• AVAILABLE DATA:
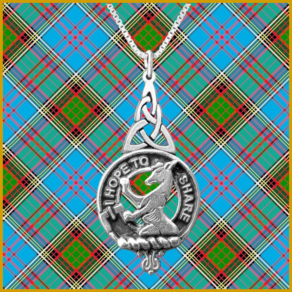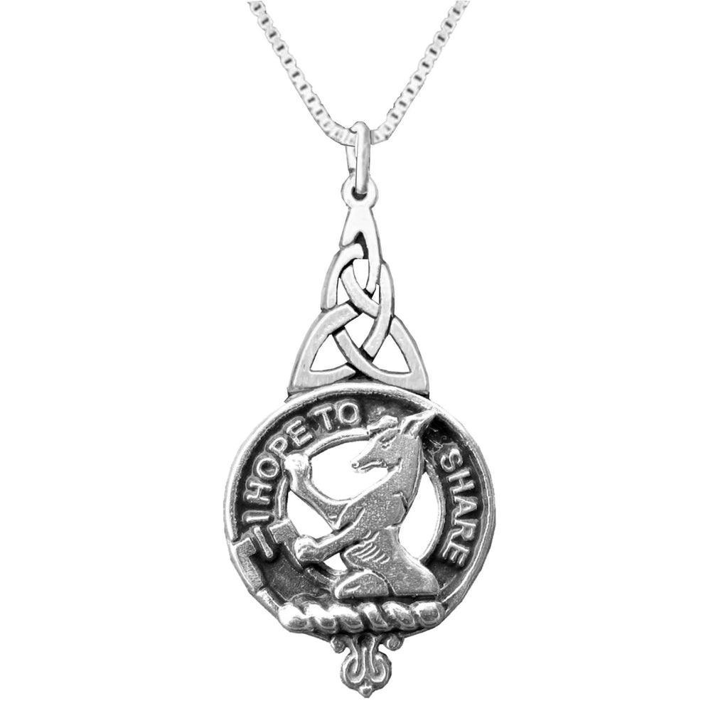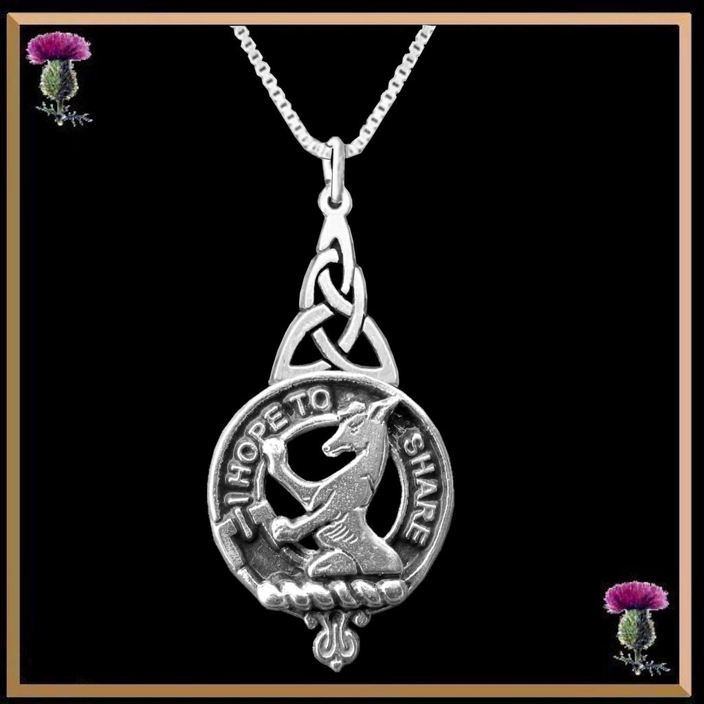 Your proud Scottish Clan heritage can be displayed through this beautiful Clan pendant. This exquisite Celtic interlace pendant is a beautifully elegant way to show your Clan crest.
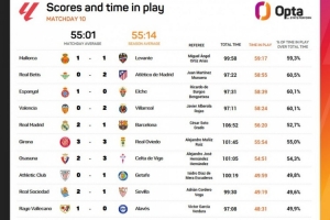 本輪西甲凈比賽時(shí)長(zhǎng)最多的是馬洛卡vs萊萬(wàn)特,為59分17秒;凈比賽時(shí)長(zhǎng)最短的則是巴列卡諾vs阿拉維斯,僅48分31秒。
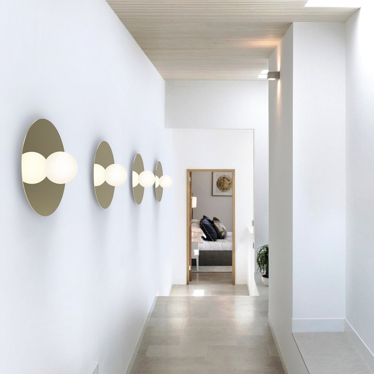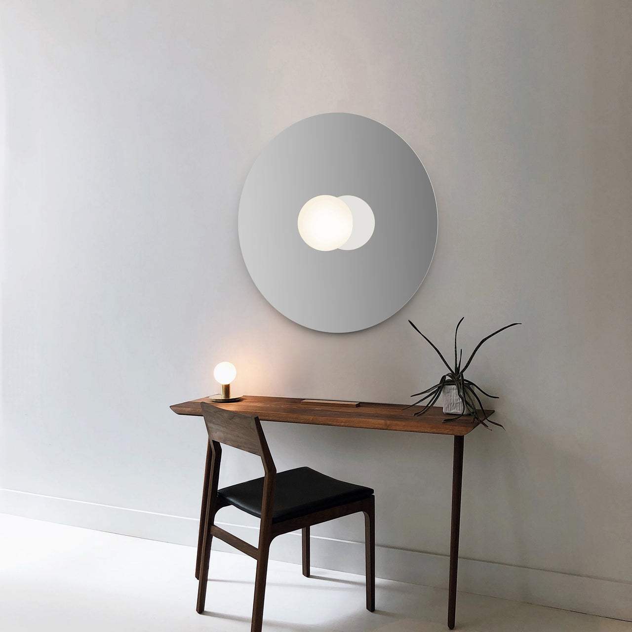 Bola Disc's seemingly magical combination of mirror and globe gets refined to the bare essentials in this version to mount on the ceiling or a wall. Providing both direct and reflected light, the advanced LED system gives the illusion of weightlessness by mirroring its surroundings. The elegant opaline glass globe diffuser is with a disk in in chrome, brass, rose gold or lacquered white finish. Striking on its own or mesmerizing in a grouping, as created by mixing any of the 4 different sizes together.

• TO DO:
Your copy should match the data above exactly, apart from the pictures.

• RESULT:
 Your proud Scottish Clan heritage can be displayed through this beautiful Clan pendant. This exquisite Celtic interlace pendant is a beautifully elegant way to show your Clan crest.
 本輪西甲凈比賽時(shí)長(zhǎng)最多的是馬洛卡vs萊萬(wàn)特,為59分17秒;凈比賽時(shí)長(zhǎng)最短的則是巴列卡諾vs阿拉維斯,僅48分31秒。
 Bola Disc's seemingly magical combination of mirror and globe gets refined to the bare essentials in this version to mount on the ceiling or a wall. Providing both direct and reflected light, the advanced LED system gives the illusion of weightlessness by mirroring its surroundings. The elegant opaline glass globe diffuser is with a disk in in chrome, brass, rose gold or lacquered white finish. Striking on its own or mesmerizing in a grouping, as created by mixing any of the 4 different sizes together.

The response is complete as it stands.